2023-04-12 Thread Ivan Krylov 
On Wed, 12 Apr 2023 08:29:50 +
Emily Bakker  wrote:

> Some example data:
> “leucocyten + gramnegatieve staven +++ grampositieve staven ++”
> “leucocyten – grampositieve coccen +”
>  
> I want to split the strings such that I get the following result:
> c(“leucocyten +”,  “gramnegatieve staven +++”,
>  “grampositieve staven ++”)
> c(“leucocyten –“, “grampositieve coccen +”)
>  
> I have tried strsplit with a regular expression with a positive
> lookahead, but I am not able to achieve the results that I want.

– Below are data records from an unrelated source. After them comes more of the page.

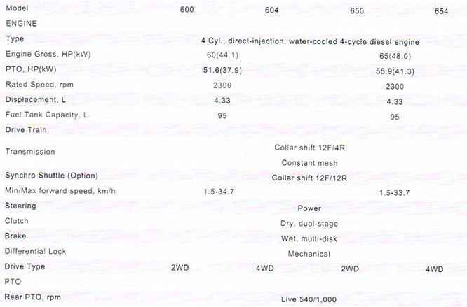 Side shift 12F/4R, Rear PTO 540/1,000 rpm, Dual stage Clutch, Power steering, Safety start switch, Metal hood, Spring suspension seat, Cat.2. 3-pt hitch, AG tires.
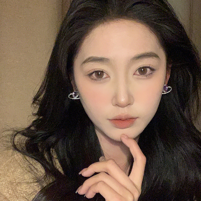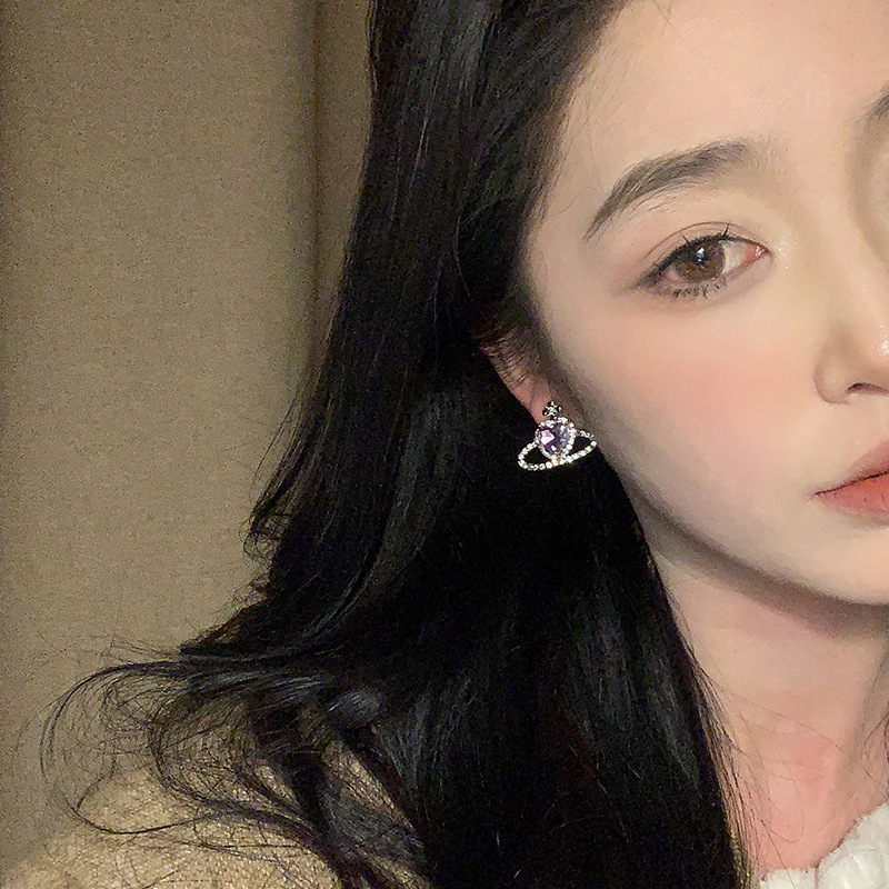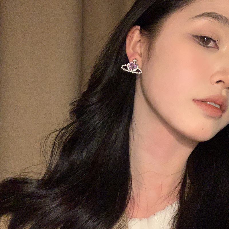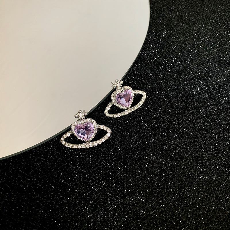 爱心星球紫色宝石耳环春夏气质温柔精致浪漫闪耀锆石耳钉百搭耳饰
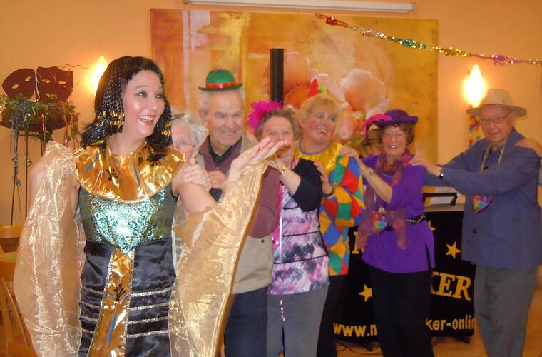 Das Team um die Bereichsleiterin von St. Michael, Karina Dietz, hatte sich fantasievoll kostümiert und forderte die Senioren zum Tanzen auf.
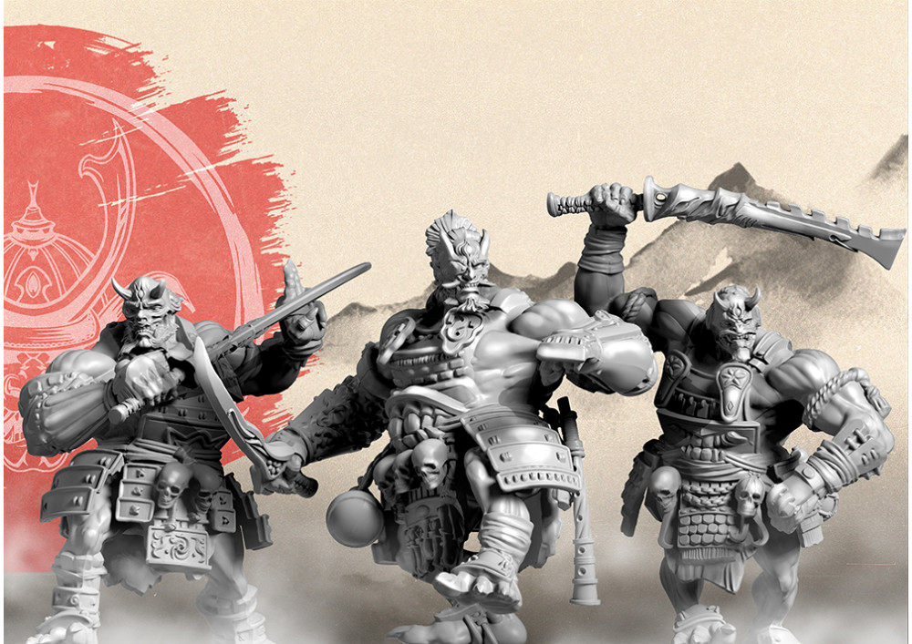 Mit einer Größe von über 7 Fuß sind die Oni ein furchterregender Anblick. Ihre mächtigen Körper sind zu unglaublichen Heldentaten der Stärke und Wildheit fähig, die dem Reich entsprechen, aus dem sie stammen. Während diese explosive Kraft meistens hinter den strengen Codes der Bushi und seiner Erleuchtung gezähmt wird, kümmert es diejenigen, die den Weg des Akuma gehen, wenig um solche Beschränkungen. Diese mächtigen Krieger haben das Paradies nach einer Ewigkeit des Leidens und der Opfer erreicht und schwelgen nun darin. Ihre Disziplin hat dem Impulsivismus Platz gemacht, ihr strenger Ehrenkodex ist zu einem Weg der persönlichen Entdeckung und Selbstbefriedigung geworden. Ihre wilde, ungezähmte Natur macht sie zu einer wertvollen Waffe auf dem Schlachtfeld, wo ihre Wildheit und Aggression glänzen.
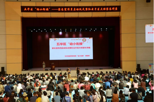 2019年4月12日下午14:30分,在昆八中体育馆举行了“五华区幼小衔接家长宣传月”启动仪式,来自红云片区的1000余名大班幼儿家长参加了启动仪式和培训。在启动仪式上,五华区教育体育局的领导提出要让科研成果真正使家长受益,使孩子受益。要落实各级教育部门对学前教育工作要求,重视幼小衔接,工作提升五华教育品质,进一步明确了“五华区幼小衔接家长宣传月”的意义和要求。启动仪式后,五华区基础教育科研中心学前室刘智菁主任做了《携手迈进小学大门》的主题讲座,刘老师从幼小衔接的重要性、五华区幼小衔接成果、做好哪些入学准备、好家长成就孩子未来四个方面对家长进行科学的幼小衔接指导,让家长收获了很多行之有效的方法。大观小学的马莹华校长则从案例出发,与家长共同探讨《学习习惯哪里来》,从生活习惯的矫正、学习习惯的培养等方面向家长传递了学习习惯从生活习惯迁移而来的观点,为家长指导孩子进入小学打好基础。
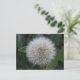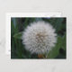 Este adorável cartão postal floral apresenta uma bela fotografia de uma flor de dente-de-leão germinando. A fotografia foi tirada usando macrofotografia para um resultado detalhado. Você pode ver todas as sementes brancas e fofas individuais prontas para serem levadas pelo vento.
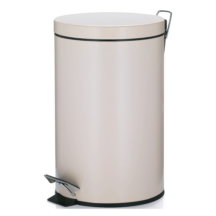 Treteimer Malta in Beige aus pulverbeschichtetem Metall, die Oberfläche ist matt. Die Form des Tretmülleimers ist schicht. Der Inneneimer mit Tragehenkel ist aus schwarzem Kunststoff. Ein weiteres Plus ist das Silent-Close-System: Das heißt, der Deckel des Tretabfalleimers schließt ohne Klappern, sanft und leise. Der Abfalleimer ist 40 cm hoch, der Durchmesser beträgt 25 cm. Volumen 12 l. Lieferung im Geschenkkarton.
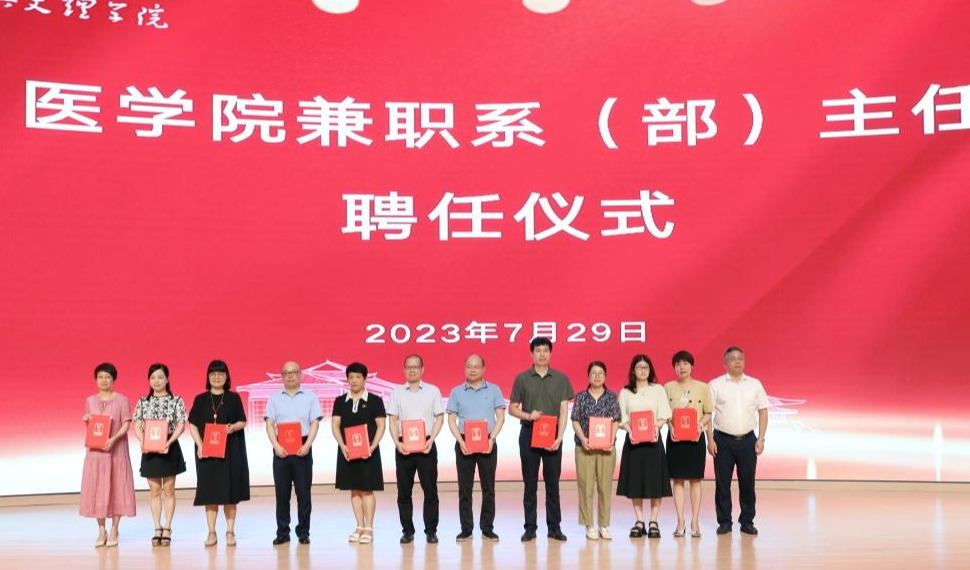 柳国庆为兼职系主任代表校附属医院陈辉英、校附属第一医院洪涛、校附属第二医院童海江、校附属妇幼保健院袁华、校附属中心医院盛燕红、校附属上虞医院连妙芬、校附属嵊州医院苏浩亮、校附属新昌医院胡少波、校附属诸暨中医医院孟茶卿、诸暨市人民医院郭伟利、医学院附属精神卫生中心凌迎春颁发聘书。
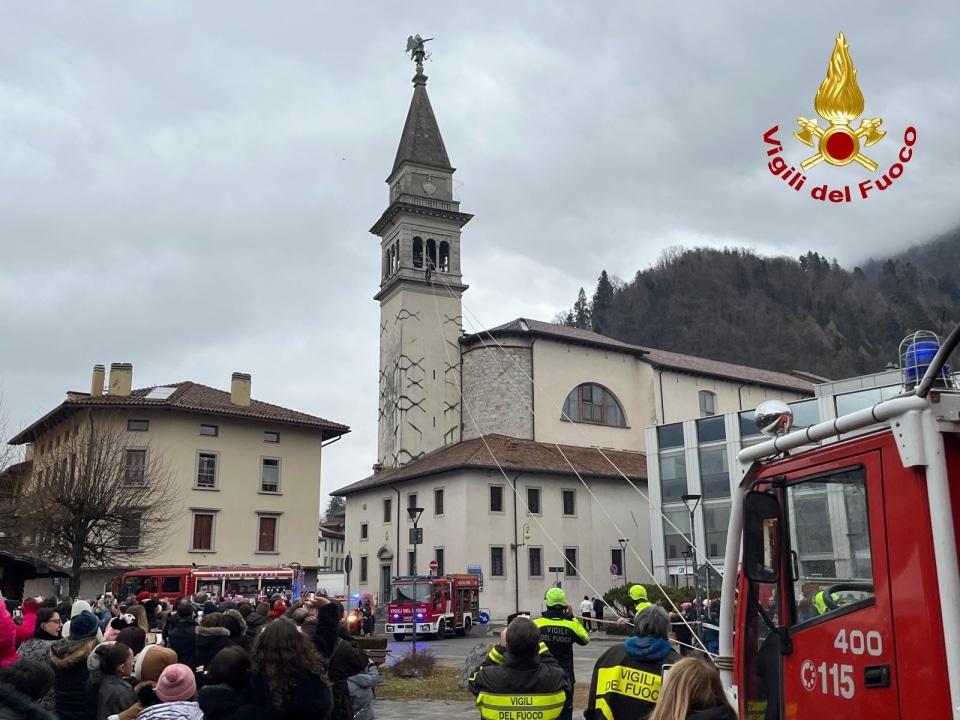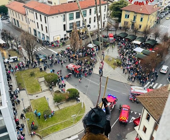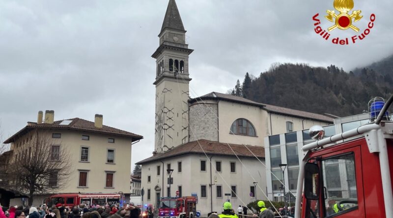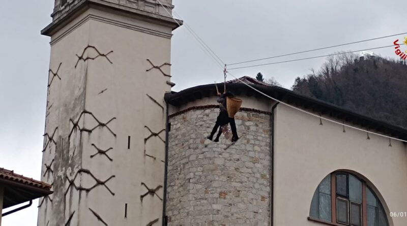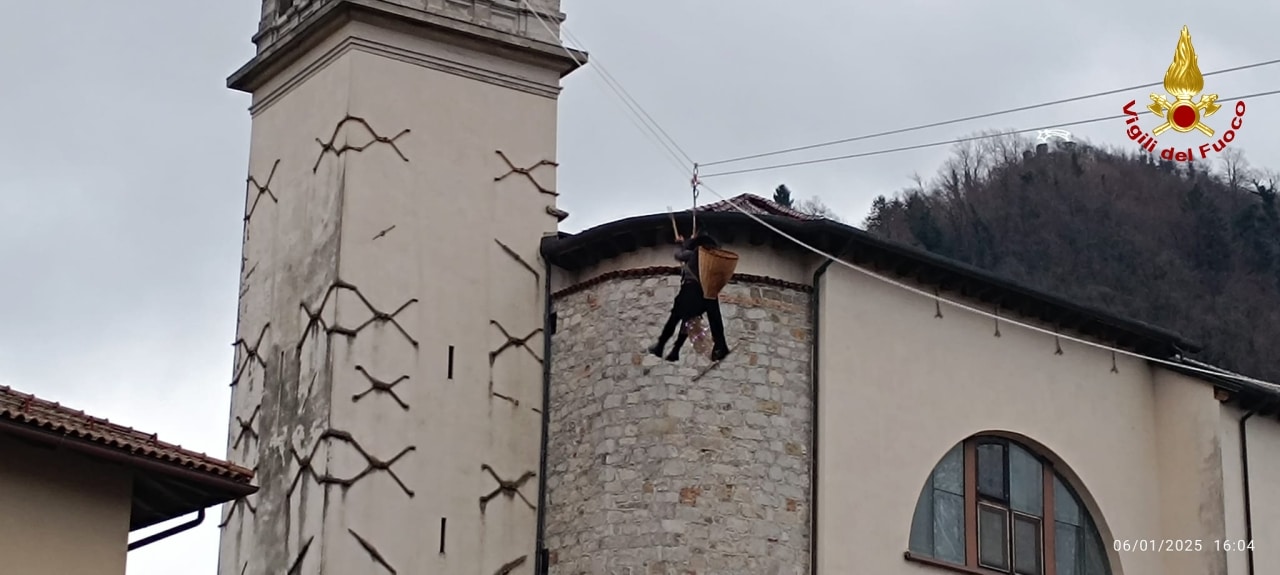 VIDEO – A Tolmezzo i Vigili del fuoco “assistono” la calata della Befana

It sounds like you need positive look-behind, not look-ahead: split on
spaces only if they _follow_ one to three of '+' or '-'. Unfortunately,
repetition quantifiers like {n,m} or + are not directly supported in
look-behind expressions (nor in Perl itself). As a special case, you
can use \K, where anything to the left of \K is a zero-width positive
match:

x <- c(
 'leucocyten + gramnegatieve staven +++ grampositieve staven ++',
 'leucocyten - grampositieve coccen +'
)
strsplit(x, '[+-]{1,3}+\\K ', perl = TRUE)
# [[1]]
# [1] "leucocyten +" "gramnegatieve staven +++"
# "grampositieve staven ++" 
# 
# [[2]]
# [1] "leucocyten -"   "grampositieve coccen +"

-- 
Best regards,
Ivan

P.S. It looks like your e-mail client has transformed every quote
character into typographically-correct Unicode quotes “” and every
minus into an en dash, which makes it slightly harder to work with your
code, since typographically correct Unicode quotes are not R string
delimiters. Is it really – that you'd like to split upon, or is it -?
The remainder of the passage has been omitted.